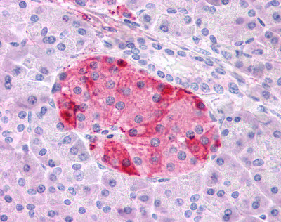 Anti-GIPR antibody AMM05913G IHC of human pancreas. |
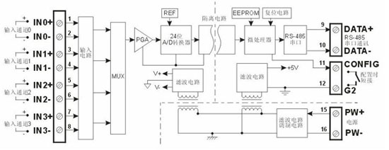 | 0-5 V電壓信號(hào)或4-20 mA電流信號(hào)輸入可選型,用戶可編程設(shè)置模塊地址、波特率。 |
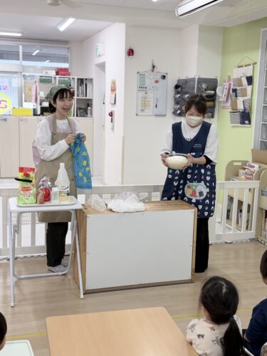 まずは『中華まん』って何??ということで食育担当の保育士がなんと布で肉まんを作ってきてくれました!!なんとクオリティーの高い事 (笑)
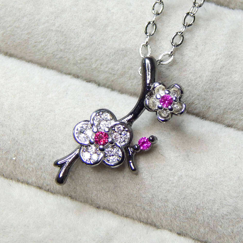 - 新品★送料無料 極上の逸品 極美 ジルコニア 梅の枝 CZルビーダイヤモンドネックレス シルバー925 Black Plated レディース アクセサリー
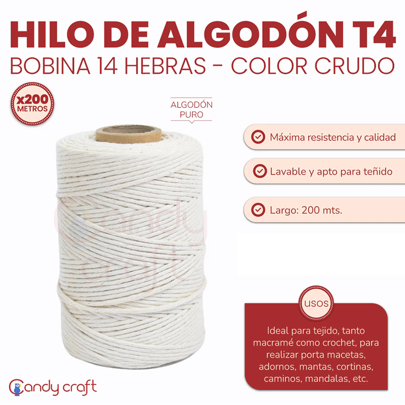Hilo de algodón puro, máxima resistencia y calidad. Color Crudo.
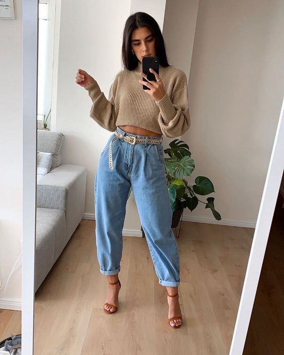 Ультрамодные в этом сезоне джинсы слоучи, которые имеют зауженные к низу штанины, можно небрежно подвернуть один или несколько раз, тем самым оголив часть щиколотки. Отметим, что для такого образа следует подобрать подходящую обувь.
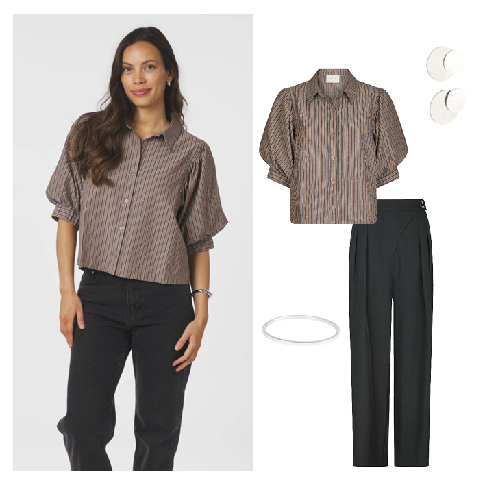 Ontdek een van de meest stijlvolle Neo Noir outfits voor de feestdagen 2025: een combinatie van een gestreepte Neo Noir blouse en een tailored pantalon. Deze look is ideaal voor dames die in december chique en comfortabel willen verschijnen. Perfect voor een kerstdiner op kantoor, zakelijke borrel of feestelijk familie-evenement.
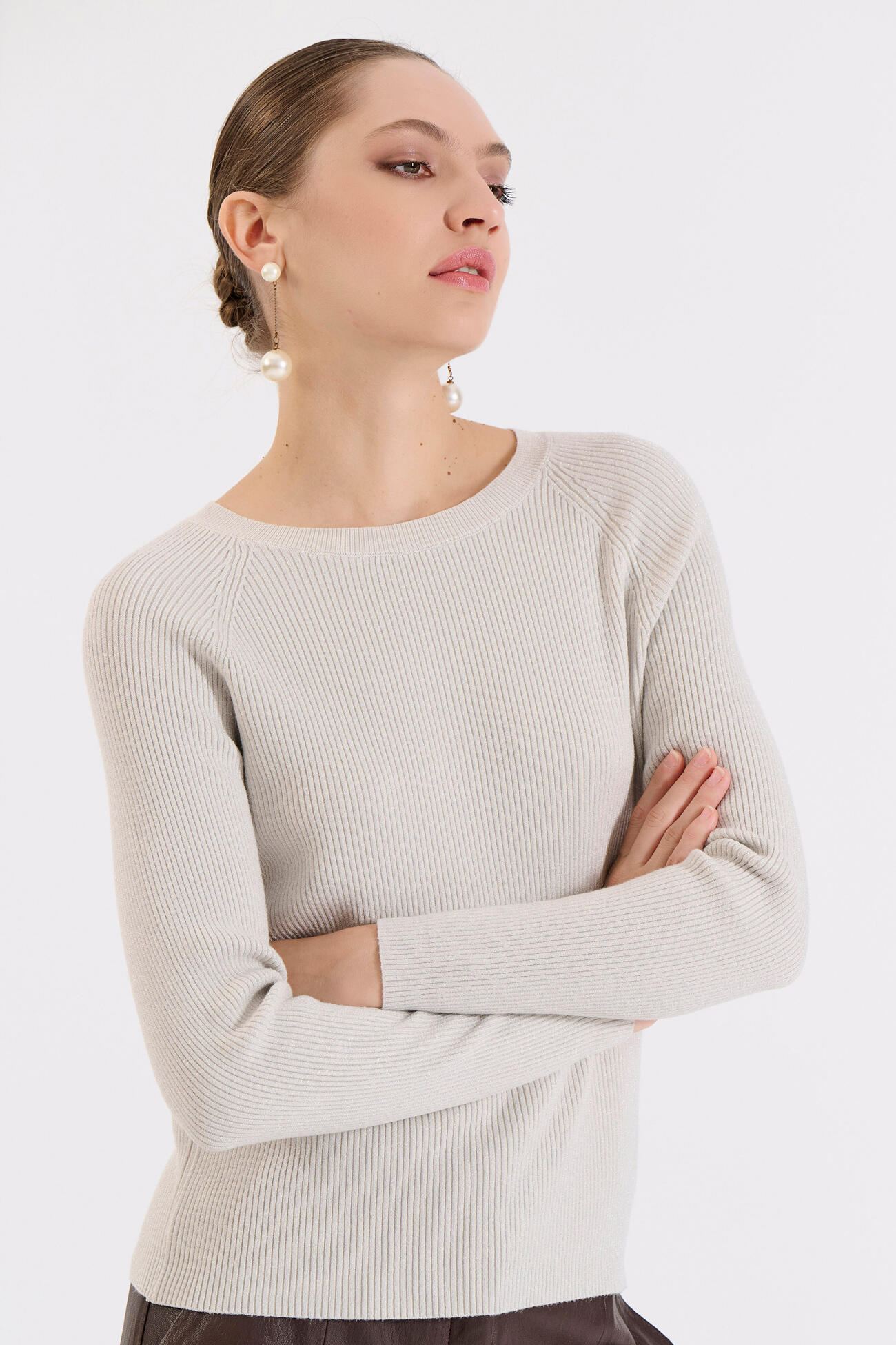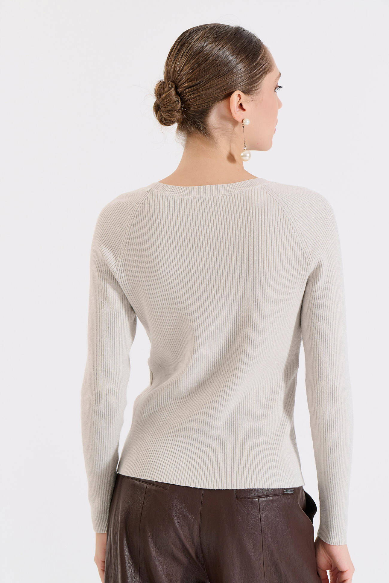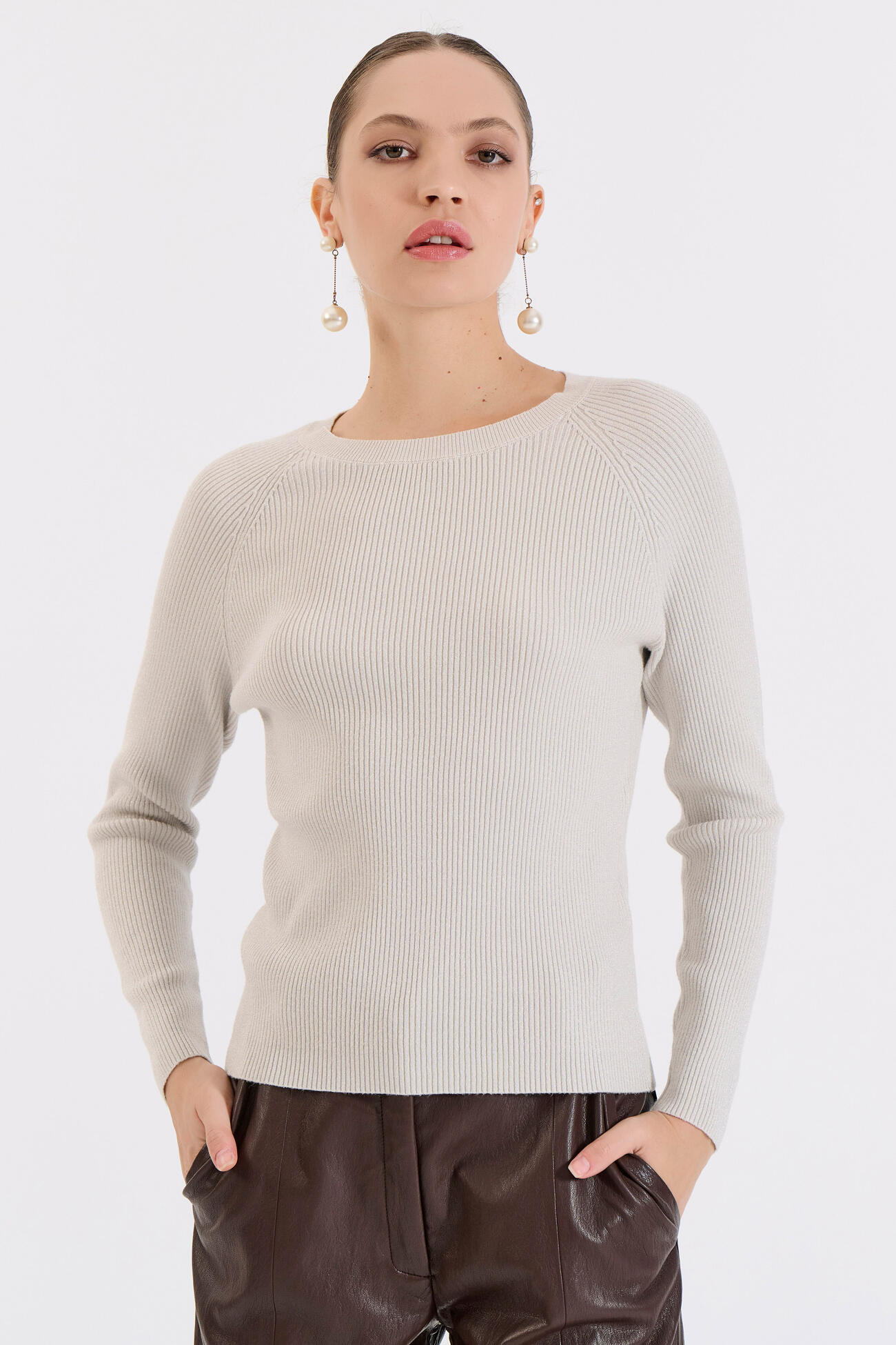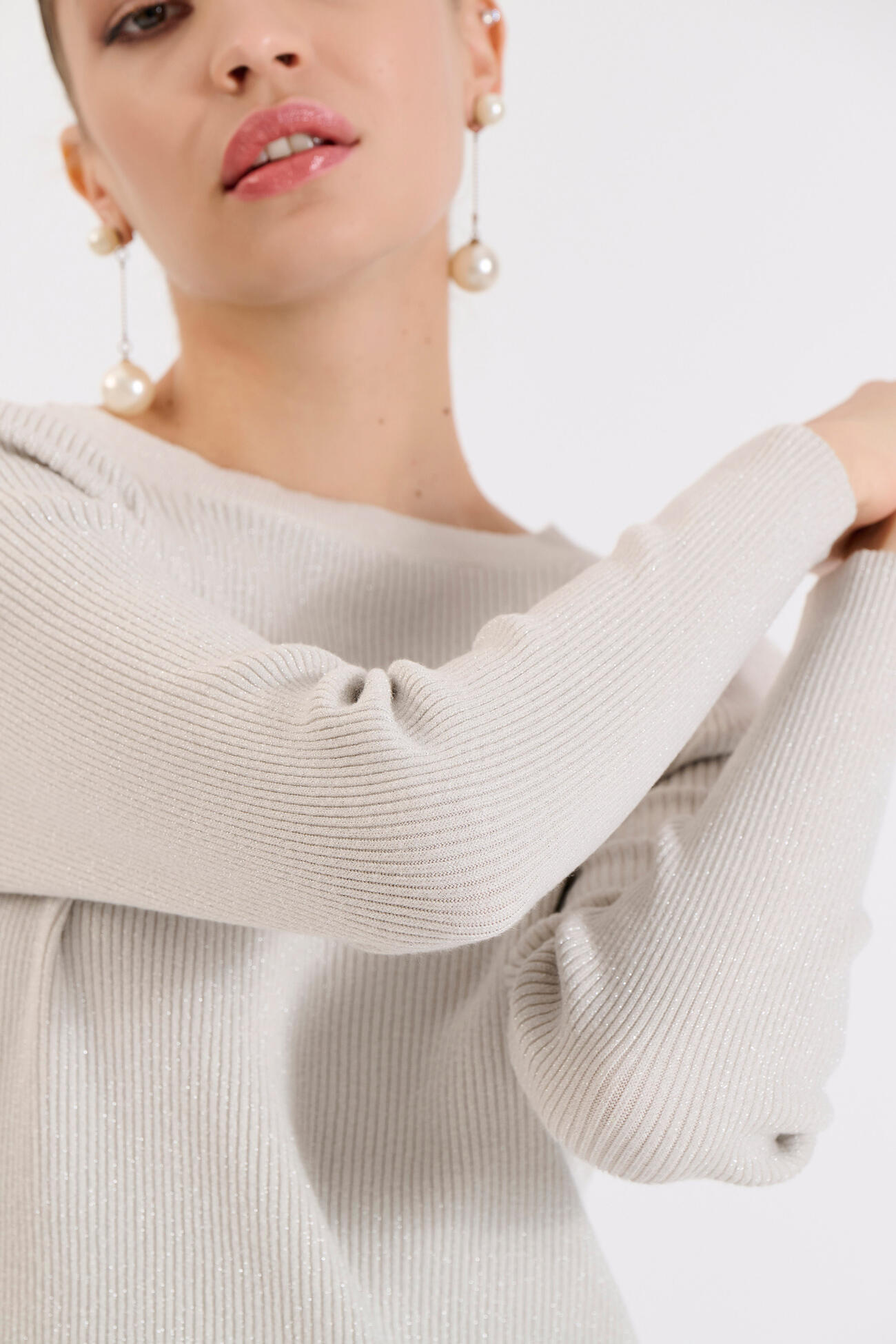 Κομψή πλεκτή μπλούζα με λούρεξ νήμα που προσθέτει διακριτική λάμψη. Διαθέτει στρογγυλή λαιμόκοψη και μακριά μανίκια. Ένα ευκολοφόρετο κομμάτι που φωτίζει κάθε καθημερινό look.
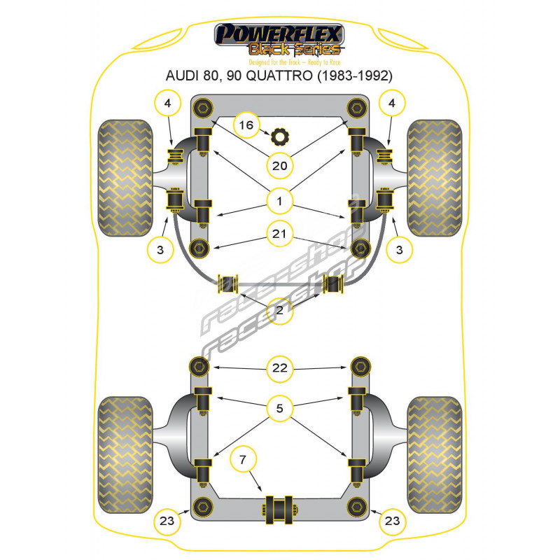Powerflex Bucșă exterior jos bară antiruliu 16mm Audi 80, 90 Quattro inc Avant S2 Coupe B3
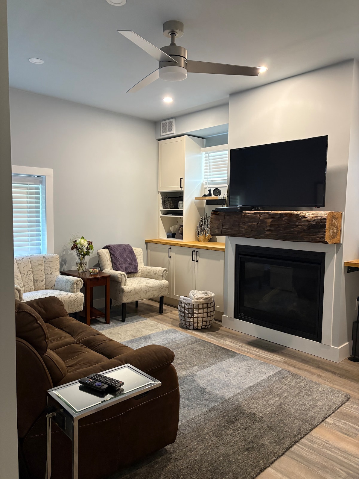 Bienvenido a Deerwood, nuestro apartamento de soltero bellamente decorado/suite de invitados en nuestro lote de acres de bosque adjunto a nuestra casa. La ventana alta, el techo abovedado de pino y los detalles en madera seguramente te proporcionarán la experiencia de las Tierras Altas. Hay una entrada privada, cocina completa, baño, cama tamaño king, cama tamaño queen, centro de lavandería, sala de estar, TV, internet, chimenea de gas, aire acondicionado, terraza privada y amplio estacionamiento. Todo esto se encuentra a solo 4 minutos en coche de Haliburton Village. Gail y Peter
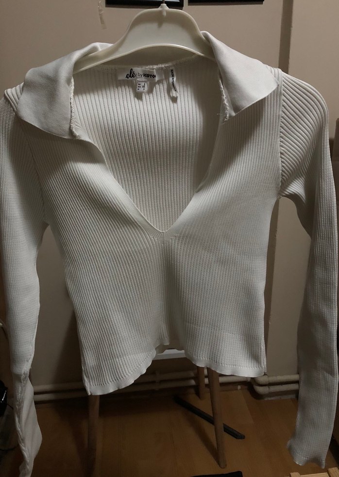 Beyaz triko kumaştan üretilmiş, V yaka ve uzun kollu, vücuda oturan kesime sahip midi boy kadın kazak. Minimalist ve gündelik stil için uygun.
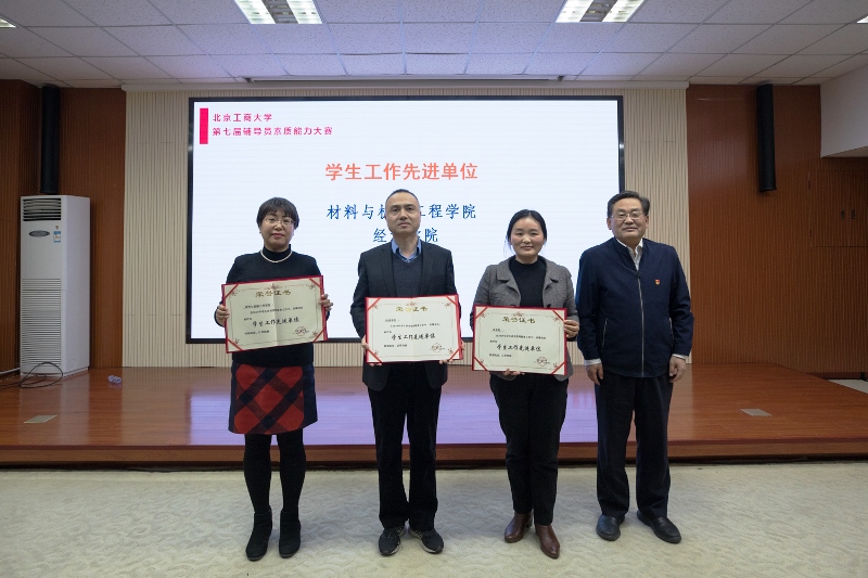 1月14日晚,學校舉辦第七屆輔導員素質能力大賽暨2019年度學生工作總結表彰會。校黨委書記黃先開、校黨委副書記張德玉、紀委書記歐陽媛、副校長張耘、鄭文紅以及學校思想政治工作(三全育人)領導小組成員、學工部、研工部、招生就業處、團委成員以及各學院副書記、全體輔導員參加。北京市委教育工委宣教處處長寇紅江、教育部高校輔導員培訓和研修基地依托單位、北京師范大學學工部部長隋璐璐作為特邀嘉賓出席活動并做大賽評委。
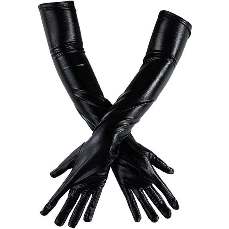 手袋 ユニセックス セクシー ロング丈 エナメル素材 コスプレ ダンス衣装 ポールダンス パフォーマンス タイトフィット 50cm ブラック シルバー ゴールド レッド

---

▸ REQUIRED ACTION
Set down exactly, and only, the lines from the one holding "1月14日晚,學校舉辦第七屆" to the end of the records above, leaving every picture out.

▸ FINAL ANSWER
 1月14日晚,學校舉辦第七屆輔導員素質能力大賽暨2019年度學生工作總結表彰會。校黨委書記黃先開、校黨委副書記張德玉、紀委書記歐陽媛、副校長張耘、鄭文紅以及學校思想政治工作(三全育人)領導小組成員、學工部、研工部、招生就業處、團委成員以及各學院副書記、全體輔導員參加。北京市委教育工委宣教處處長寇紅江、教育部高校輔導員培訓和研修基地依托單位、北京師范大學學工部部長隋璐璐作為特邀嘉賓出席活動并做大賽評委。
 手袋 ユニセックス セクシー ロング丈 エナメル素材 コスプレ ダンス衣装 ポールダンス パフォーマンス タイトフィット 50cm ブラック シルバー ゴールド レッド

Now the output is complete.